- Genre: Legal drama
- Created by: Ursula Rani Sarma
- Based on: The Split by Abi Morgan
- Starring: Ritu Arya; Sanjeev Bhaskar; Aysha Kala; Arian Nik; Danny Ashok; Shalini Peiris; Dimitri Leonidas; Mawaan Rizwan; Sindhu Vee;
- Music by: Nainita Desai
- Country of origin: United Kingdom
- Original language: English
- No. of series: 1
- No. of episodes: 6

Production
- Executive producers: Abi Morgan; Ursula Rani Sarma; Jane Featherstone; Bryony Arnold;
- Producers: Natasha Romaniuk Lucy Richer
- Running time: 58 minutes
- Production companies: Sister; Little Chick;

Original release
- Network: BBC One
- Release: 20 September 2026 – present

Related
- The Split

= The Split Up =

British television series

The Split Up is a British legal drama television series created by Ursula Rani Sarma, which began broadcasting on BBC One from 20 September 2026. It is a spin-off from the British series The Split.

==Premise==
Set in Manchester, the series centres around a British Asian family firm of family-law lawyers.

==Cast==
- Ritu Arya as Aria Kishan
- Aysha Kala as Maya Kishan
- Arian Nik as Kav Kishan
- Danny Ashok as Neal Sharma
- Dimitri Leonidas as Luke Christos
- Shalini Peiris as Zoya Bassu
- Tom Forbes as Michael Lanigan
- Mawaan Rizwan as Ashok Singh
- Sindhu Vee as Harshika Sharma
- Jane Horrocks as Tash Edwards
- Lenny Henry as Alex Edwards
- Sanjeev Bhaskar as Dhruv Kishan
- Connor Horrigan as Andreas
- Victoria Ekanoye as Ginny
- Jameela Jamil as Nisha Mantri
- Debbie Rush as Linda Taylor
- Ramon Tikaram as Uncle Rick

==Episodes==

| No. | Title | Directed by | Written by | Original release date |
|---|---|---|---|---|
| 1 | "Episode 1" | Shamim Sarif | Ursula Rani Sarma | 20 September 2026 |
| 2 | "Episode 2" | Shamim Sarif | Ursula Rani Sarma | 21 September 2026 |
| 3 | "Episode 3" | Shamim Sarif | Sumerah Srivastav Ursula Rani Sarma | 27 September 2026 |
| 4 | "Episode 4" | Khurrum M. Sultan | Kaamil Shah | 28 September 2026 |
| 5 | "Episode 5" | Khurrum M. Sultan | Sonali Bhattacharyya | 4 October 2026 |
| 6 | "Episode 6" | Khurrum M. Sultan | Ursula Rani Sarma | 5 October 2026 |

==Production==
The six-part series is created by Ursula Rani Sarma and produced by Sister in association with Little Chick.

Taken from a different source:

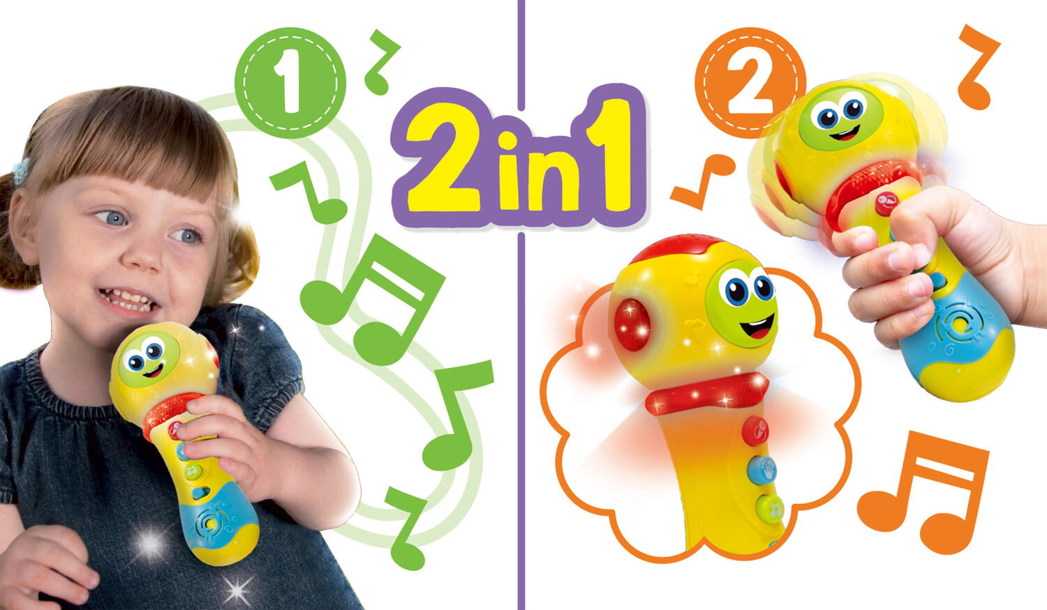 Microfonul 2 in 1 pentru copii este o jucarie interactiva si vesela, perfecta pentru micutii care adora muzica, luminile si jocurile de rol. Cu efecte sonore si luminoase atractive, acest microfon pentru copii transforma fiecare moment de joaca intr-un mic spectacol plin de distractie. Este potrivit pentru stimularea creativitatii, a imaginatiei si a dezvoltarii multisenzoriale inca de la cele mai fragede varste.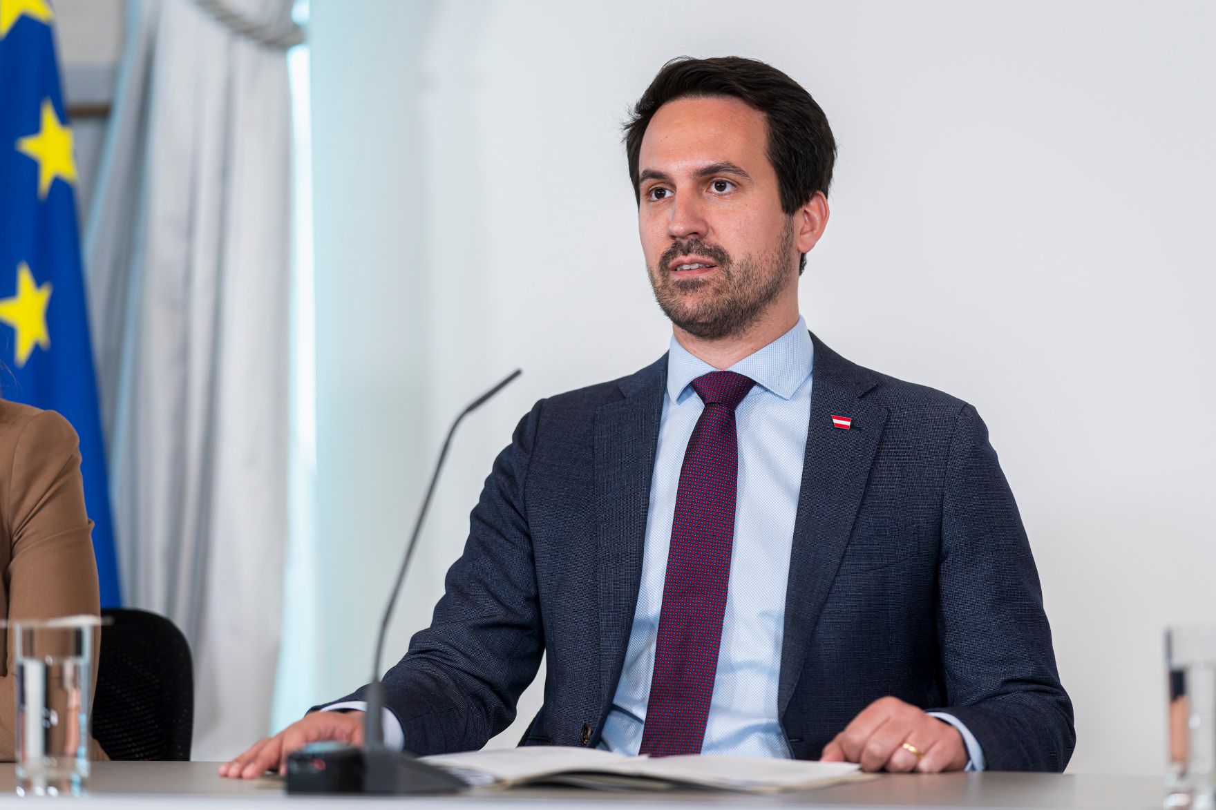 Am 2. Juli 2025 nahmen Bundesministerin Claudia Plakolm, Bundesminister Christoph Wiederkehr (im Bild) und Bundesministerin Korinna Schumann am Pressefoyer nach dem Ministerrat teil.

Commissioned for BBC One in February 2024, it is a spin-off from BBC One series The Split, created by Abi Morgan. The series was initially set to commence filming in October 2024 but the shoot was suspended a month prior for editorial reasons. Abi Morgan is an executive producer, alongside Ursula Rani Sarma, Jane Featherstone,
and Bryony Arnold.

The cast is led by Ritu Arya and Sanjeev Bhaskar and includes Aysha Kala, Arian Nik, Danny Ashok, Dimitri Leonidas, Mawaan Rizwan, Sindhu Vee, Shalini Peiris, and Tom Forbes, as well as guest appearances from Lenny Henry, Jameela Jamil, Victoria Ekanoye and Jane Horrocks.

Filming took place in Manchester in October 2025.

==Release==
The series started airing from 20 September 2026, and continued on Sunday and Monday nights on BBC One, with the finale scheduled for Monday, 5 October.